In conclusion, no study has been able to match these characteristics to any known natural language.

Thus, it is unlikely that Voynichese is a natural language (as defined in this article), and very unlikely it is a known European natural language.

If it is a natural language, then we should be able to discard language families that it cannot be. And then try to match it with the remaining language families. After all, if it’s a natural language, it must have evolved in the same way as every other one in the world. Even if we can’t match it to a language, surely we could match it to a family by type pattern if such a comparison exists to “narrow it down”. And that would be the first step for anyone arguing for a natural language solution – to prove the pattern matches.

3 thoughts on “Is the Voynich a natural language?

  1. I think there are plainer arguments against the natural language. For a ready example, of 97 botanical folios that I examined so far, the first “letter” of 93 folios is one of the four gallows “letters” – k, p, f or t.

    Is it reasonable to expect such regularity in a natural language? I would rather expect all folios to start with the same letter – this would be appropriate for reference books’ sections entitled something like “De ….”, e.g. “De rosis”, “De papaveris” &c.

    On the other hand, as I noted somewhere else, consideration of the natural language Voynich theory (and, generally, of any other Voynich theory) usually relies too heavily on the assumption of the underlay text that flows freely. But have a look at this query which maps labels onto the Voynichese text:

    What it suggests is a highly compacted conspectus rather than a general narrative. In other words, it is not

    “Take a good glass, visit the bishop’s hostel, place yourself comfortably in the devil’s seat, look twenty-one degrees and thirteen minutes northeast and by north, note the main branch, count the seventh limb on the east side… &c”

    but rather:

    “A good glass in the bishop’s hostel in the devil’s seat twenty-one degrees and thirteen minutes northeast and by north main branch seventh limb east side…”

    1. I agree. It reads very much like Talmudic text, i.e. half of the meaning is inferred and just enough words are provided to tease out the meaning. The text is so dense and irregular, I cast serious doubt that it will ever be translated. It will take a rosetta stone to crack it.

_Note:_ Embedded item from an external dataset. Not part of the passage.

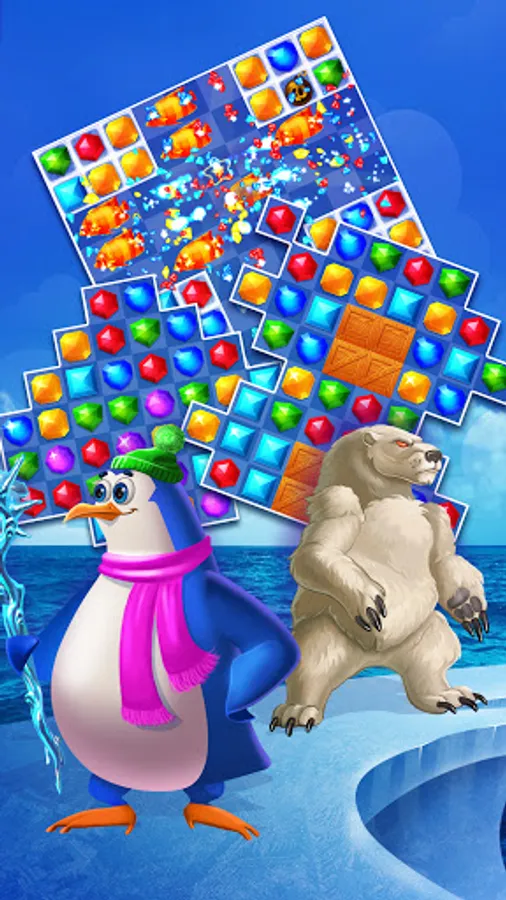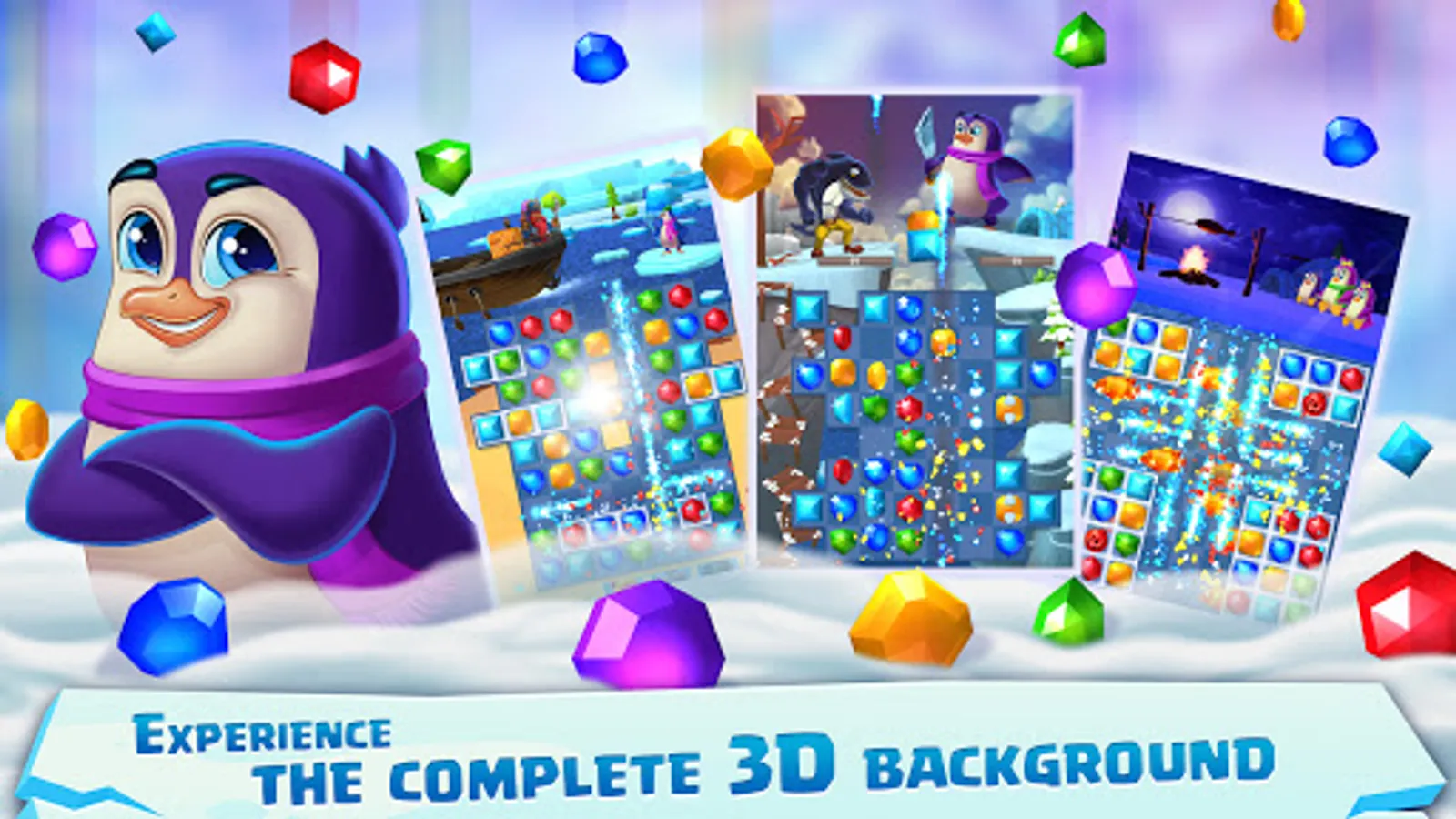 Penguin story is an amazing Match 3 Game with colorful gems. Plan your moves by matching 3 or more gems in a row, using boosters wisely in order to rescue the penguins and their families.

  2. “But given that there appears to be no tonal markers (as marked by diacritics or other symbols) in Voynichese, we must assume the contrary, ie, that there are no tonal markers in Voynichese. And so it is not transcribing a language with a high phonotactic structure.”

    I don’t know if this is a sound argument. It supposes that the Voynich language 1) must have tones, and 2) that they must be represented. The structure of words in the manuscript is obvious and fairly rigid, and it is a reasonable assumption that individual characters may stand for sounds. This would naturally lead to a theory (even if wrong) that the language has a fairly simple but rigid syllable structure. I think the argument used to dismiss this is weaker than the logic and evidence for it.